SPE 87028 Developing A Model To Suit Life Cycle Costing Analysis For Assets In The Oil

Developing A Model To Suit Life Cycle Costing Analysis For Assets In The Oil and Gas Industry

Suparatchai Vorarat, Dhurakijpundit University, Bangkok, Thailand. ; Assem Al-Hajj, The Robert Gordon University, Aberdeen, UK

Copyright 2004, Society of Petroleum Engineers Inc.

This paper was prepared for presentation at the SPE Asia Pacific Conference on Integrated Modelling for Asset Management held in Kuala Lumpur, Malaysia, 29-30 March 2004.

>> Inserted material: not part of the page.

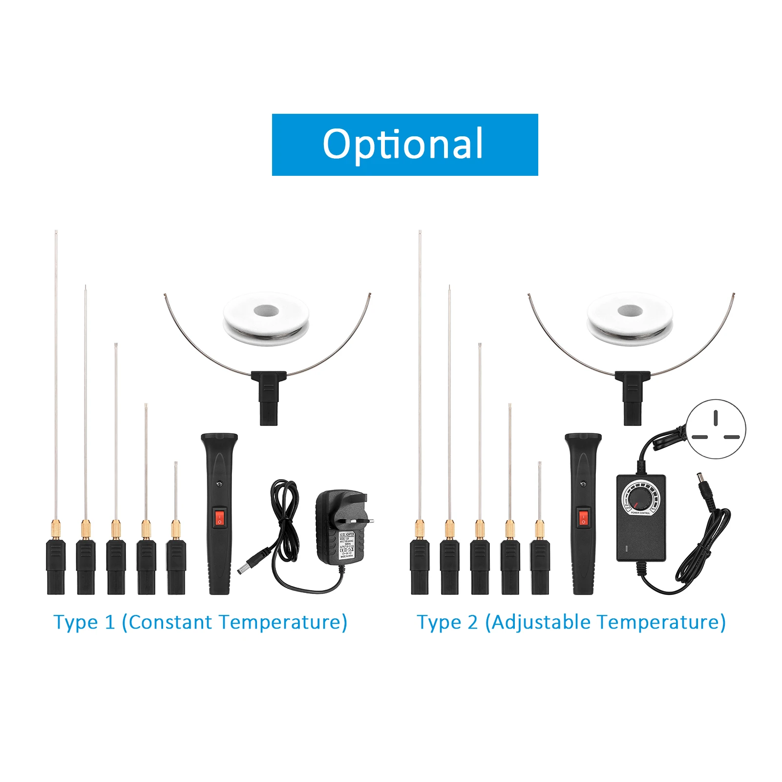 В комплект входит основная ручка, 5 наконечников разной длины, наконечник арки, катушка нагревательного провода и адаптер питания (постоянная температура или регулируемая температура для опции), удовлетворяющий различные потребности.
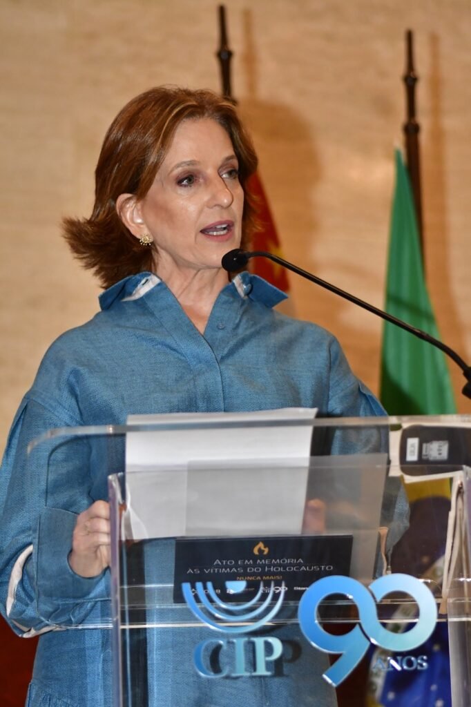 A cerimônia teve início com a execução do Hino Nacional Brasileiro, entoado por Sabrina Shalom. Na sequência, a presidente da CIP, Laura Feldman, destacou que lembrar o Holocausto exige compromisso ativo no presente. “A memória do Holocausto sem ação não basta. É preciso transformar o ‘Nunca Mais’ em atitudes concretas contra o antissemitismo e toda forma de intolerância”, afirmou.

This paper was selected for presentation by an SPE Program Committee following review of information contained in an abstract submitted by the author(s). Contents of the paper, as presented, have not been reviewed by the Society of Petroleum Engineers and are subject to correction by the author(s). The material, as presented, does not necessarily reflect any position of the Society of Petroleum Engineers, its officers, or members. Papers presented at SPE meetings are subject to publication review by Editorial Committees of the Society of Petroleum Engineers. Electronic reproduction, distribution, or storage of any part of this paper for commercial purposes without the written consent of the Society of Petroleum Engineers is prohibited. Permission to reproduce in print is restricted to an abstract of not more than 300 words; illustrations may not be copied. The abstract must contain conspicuous acknowledgment of where and by whom the paper was presented. Write Librarian, SPE, P.O. Box 833836, Richardson, TX 75083-3836 U.S.A., fax 01-972-952-9435.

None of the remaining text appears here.